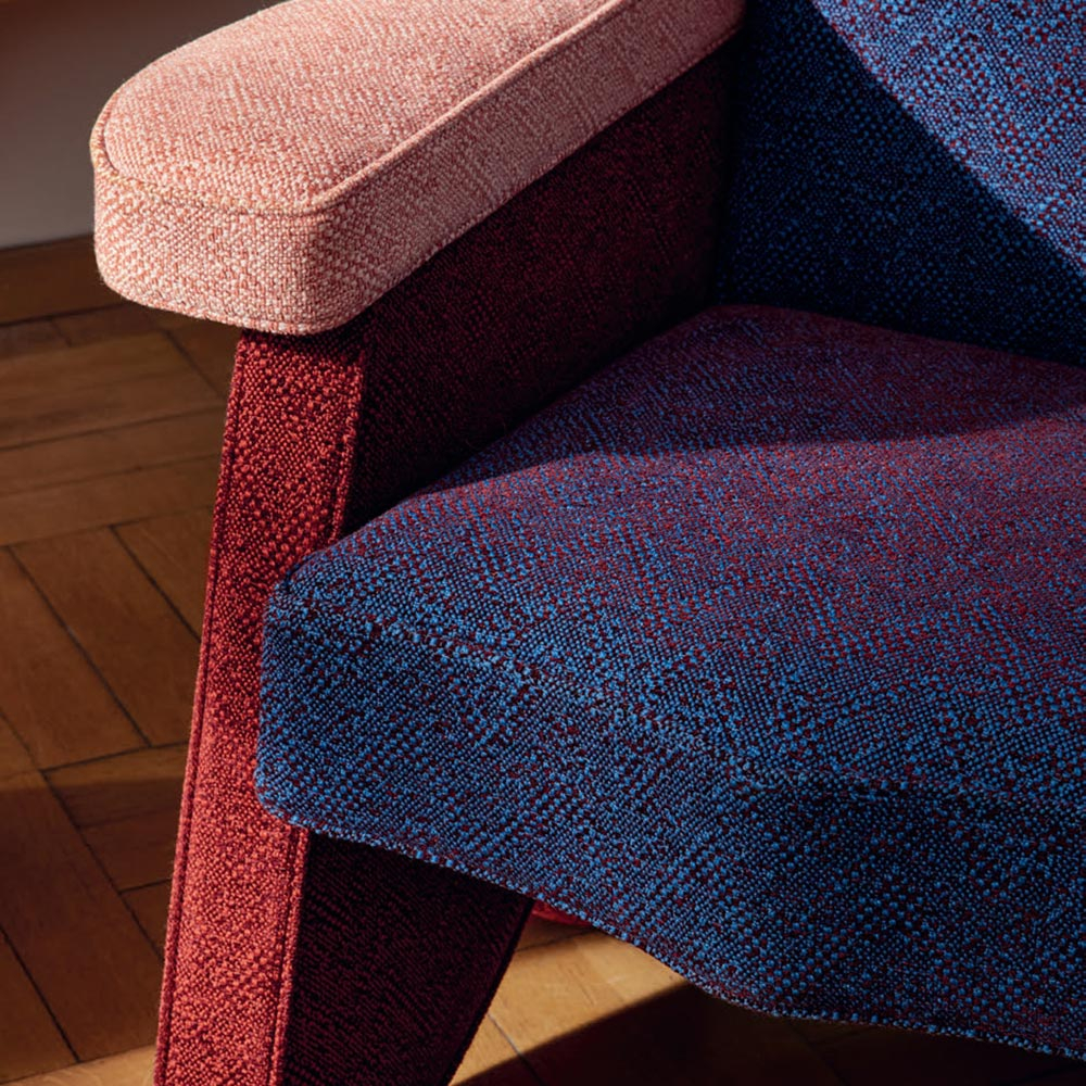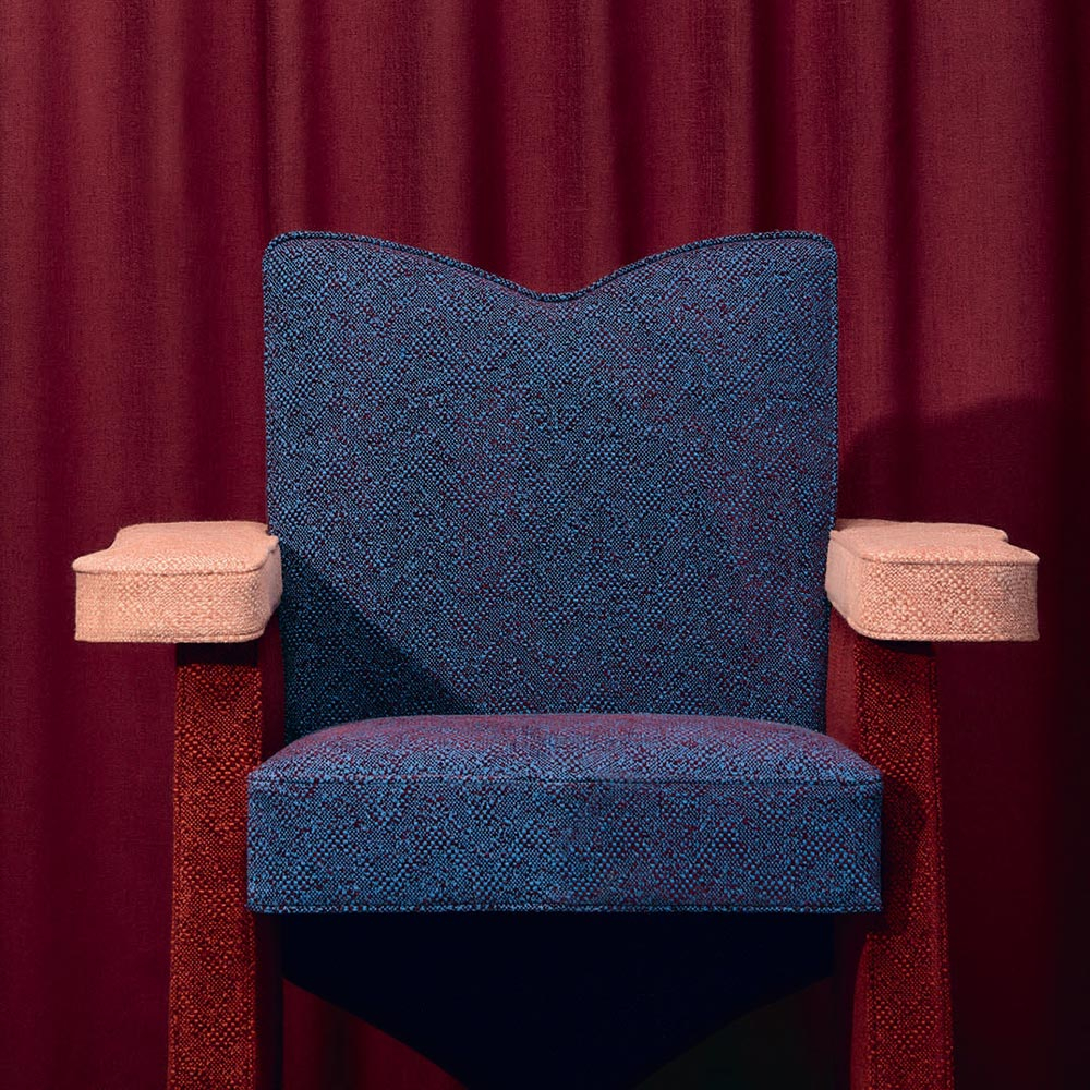 Rubelli présente Marple, un tissu qui présente un motif géométrique aux contours mouvants. Sur sa surface, les chevrons, agrandis puis rompus, esquissent une cadence irrégulière. Né du tissage jacquard, le dessin oscille entre lumière diffuse et ombre mate, révélant la matière dans ses silences. La laine néo-zélandaise, traversée par la chenille, impose sa densité et cisèle des reflets discrets.
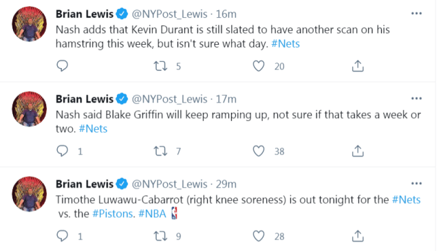 除了格里芬,纳什还谈到了杜兰特和丁威迪的现状。纳什表示,杜兰特本周会接受一次伤势复查,但目前还不清楚具体是哪一天,等到检查结果出来,官方会公布报告。
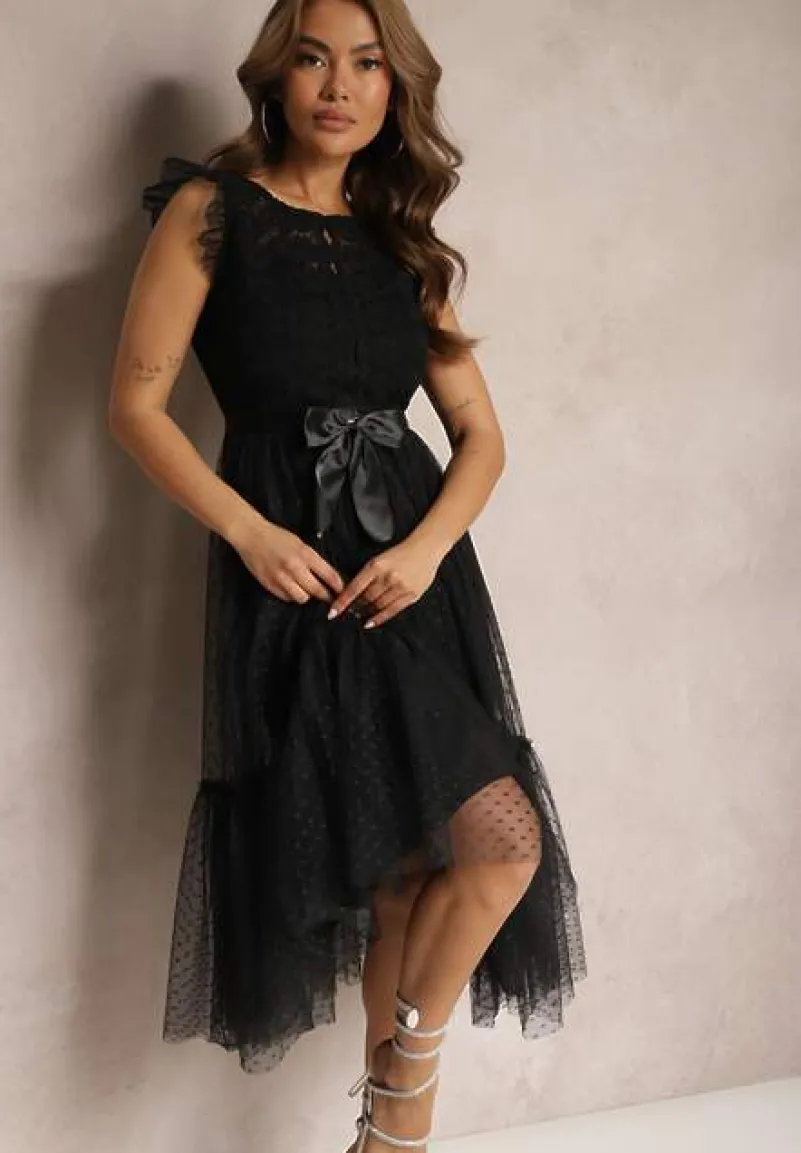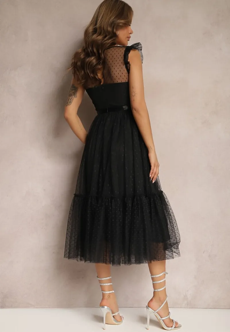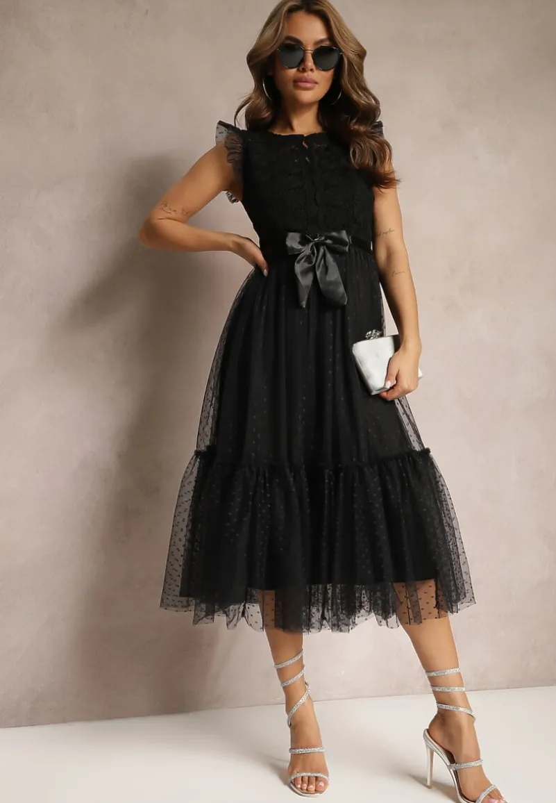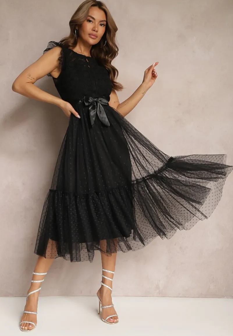 Czarna Taliowana Sukienka z Tiulową Spódnicą i Górą z Koronki Darela
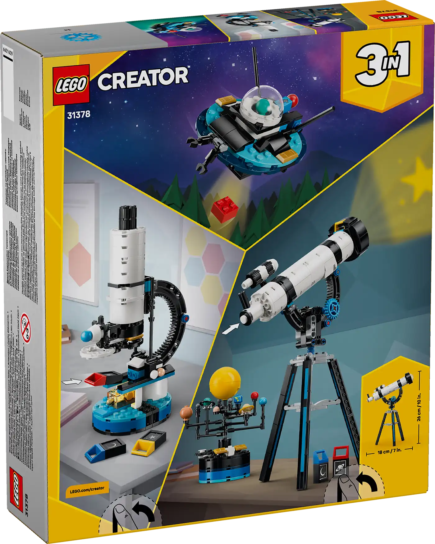 A LEGO® Creator 3 az 1-ben Csillagászati távcső (31378) építőkészlet segítségével a 8 éves vagy nagyobb fiúk és lányok elmerülhetnek a tudomány és a világűr iránti szenvedélyükben. Ennek a részletgazdag STEM-játéknak az építőelemei 3 különböző építési lehetőséggel várják a gyerekeket.
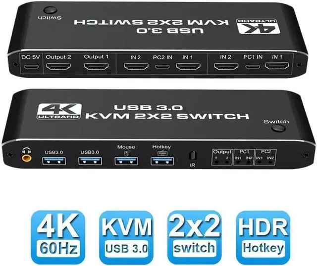 [HDMI KVM USB switch dual monitor] KVM Switch allows control 2 computer with one set of controls (keyboard and mouse) and 2 display screen. Realizes 2 in and 2 out free selection synchronous switching. You can centrally control and manage hosts laptop or game console without having to move from one workstation to another.
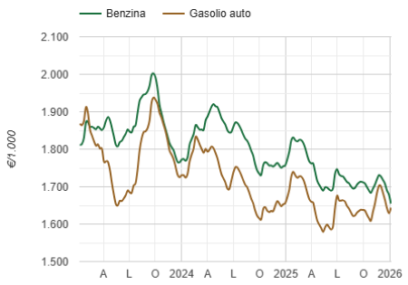 Il prezzo medio del gasolio nella settimana compresa tra il 29 dicembre 2025 e il 4 gennaio 2026 è stato di 1644,17 di cui: accise 672,90 e IVA 296,49, registrando un aumento del 15,47% rispetto alla settimana precedente ed un aumento dell’1,7% rispetto allo stesso periodo del 2025. (Link) |
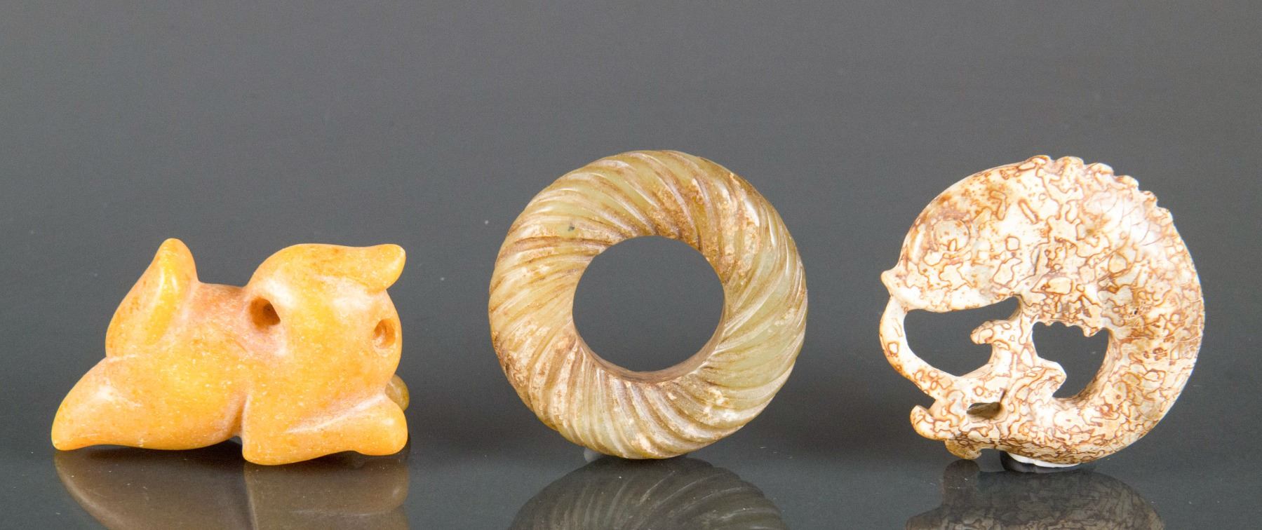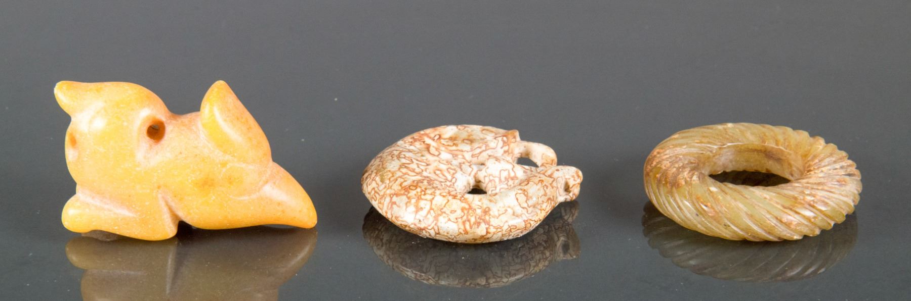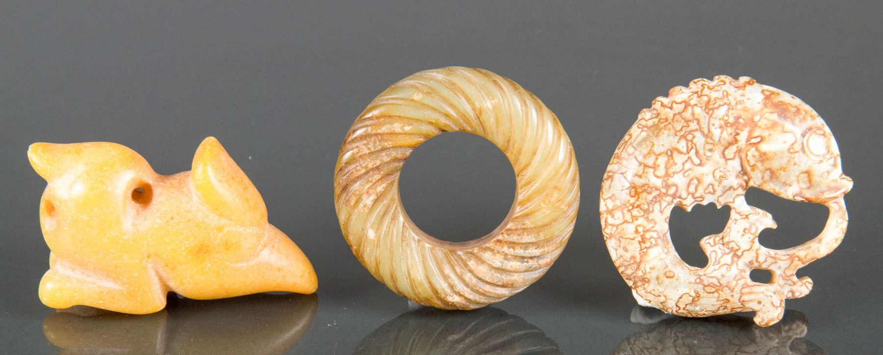 Lot of three (3) Chinese old hardstone carved pendants; featuring a circular form pendant, a carp form pendant and a bird form toggle; D: 5 cm (largest), 154 grams total
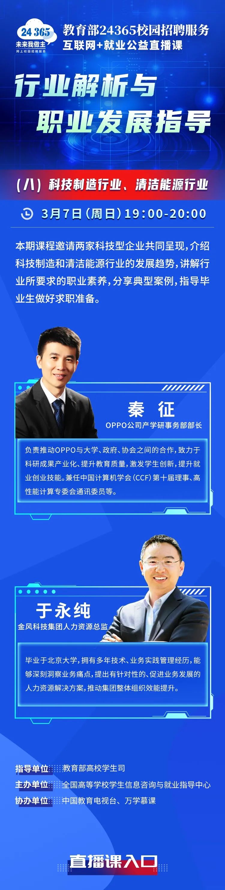 3044AM永利集团 | 教育部24365就业公益直播课:行业解析与职业发展指导(八)科技制造行业、清洁能源行业
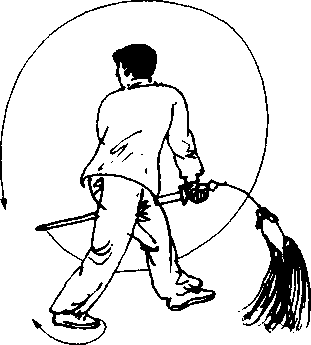 要点:动作要连贯,转身、抡劈动作要协调一致。抡劈臂 要直,抡劈成立圆,力达剑刃。
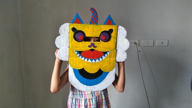 Also celebrating Mid-Autumn Festival at home this year, Đinh Duy, a photographer living in HCM City, decided to make a dragon head out of milk cartons for his children.
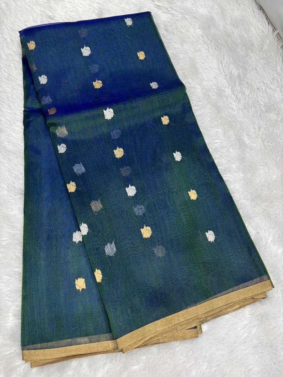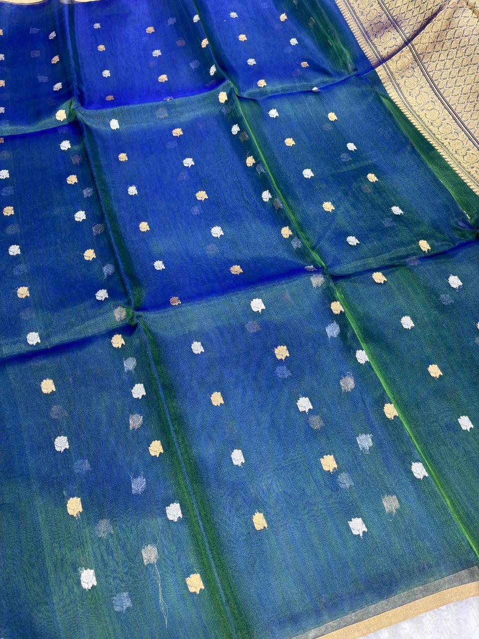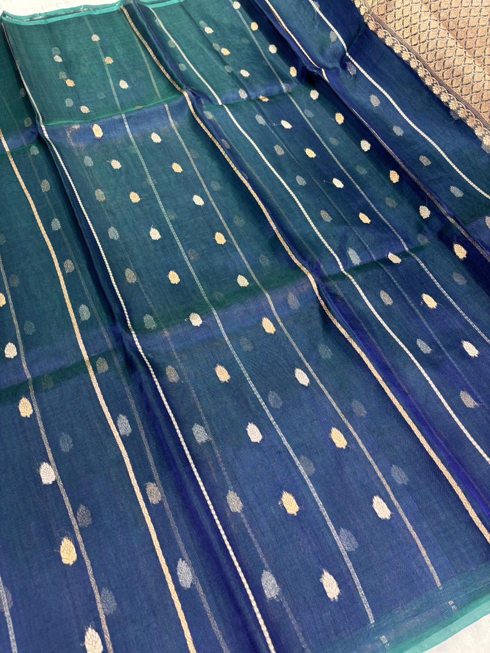 The Peacock's Pride: Dual-Tone Teal Banarasi Tissue Silk Saree
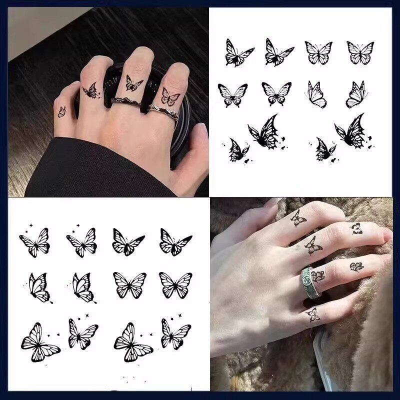 バタフライタトゥーステッカー 防水性と長持ち 黒いプリントのリングステッカー 装飾用ステッカー 指ステッカー タトゥー
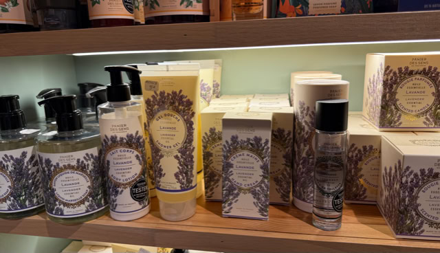 Produits de beauté et soins sur une étagère, avec des emballages décorés de motifs floraux et le texte "Panier des Sens en Provence" en arrière-plan.

Task directions => If pictures appear in the data, omit them and copy all other parts exactly.

Solved problem =>
 Rubelli présente Marple, un tissu qui présente un motif géométrique aux contours mouvants. Sur sa surface, les chevrons, agrandis puis rompus, esquissent une cadence irrégulière. Né du tissage jacquard, le dessin oscille entre lumière diffuse et ombre mate, révélant la matière dans ses silences. La laine néo-zélandaise, traversée par la chenille, impose sa densité et cisèle des reflets discrets.
 除了格里芬,纳什还谈到了杜兰特和丁威迪的现状。纳什表示,杜兰特本周会接受一次伤势复查,但目前还不清楚具体是哪一天,等到检查结果出来,官方会公布报告。
 Czarna Taliowana Sukienka z Tiulową Spódnicą i Górą z Koronki Darela
 A LEGO® Creator 3 az 1-ben Csillagászati távcső (31378) építőkészlet segítségével a 8 éves vagy nagyobb fiúk és lányok elmerülhetnek a tudomány és a világűr iránti szenvedélyükben. Ennek a részletgazdag STEM-játéknak az építőelemei 3 különböző építési lehetőséggel várják a gyerekeket.
 [HDMI KVM USB switch dual monitor] KVM Switch allows control 2 computer with one set of controls (keyboard and mouse) and 2 display screen. Realizes 2 in and 2 out free selection synchronous switching. You can centrally control and manage hosts laptop or game console without having to move from one workstation to another.
 Il prezzo medio del gasolio nella settimana compresa tra il 29 dicembre 2025 e il 4 gennaio 2026 è stato di 1644,17 di cui: accise 672,90 e IVA 296,49, registrando un aumento del 15,47% rispetto alla settimana precedente ed un aumento dell’1,7% rispetto allo stesso periodo del 2025. (Link) |
 Lot of three (3) Chinese old hardstone carved pendants; featuring a circular form pendant, a carp form pendant and a bird form toggle; D: 5 cm (largest), 154 grams total
 3044AM永利集团 | 教育部24365就业公益直播课:行业解析与职业发展指导(八)科技制造行业、清洁能源行业
 要点:动作要连贯,转身、抡劈动作要协调一致。抡劈臂 要直,抡劈成立圆,力达剑刃。
 Also celebrating Mid-Autumn Festival at home this year, Đinh Duy, a photographer living in HCM City, decided to make a dragon head out of milk cartons for his children.
 The Peacock's Pride: Dual-Tone Teal Banarasi Tissue Silk Saree
 バタフライタトゥーステッカー 防水性と長持ち 黒いプリントのリングステッカー 装飾用ステッカー 指ステッカー タトゥー
 Produits de beauté et soins sur une étagère, avec des emballages décorés de motifs floraux et le texte "Panier des Sens en Provence" en arrière-plan.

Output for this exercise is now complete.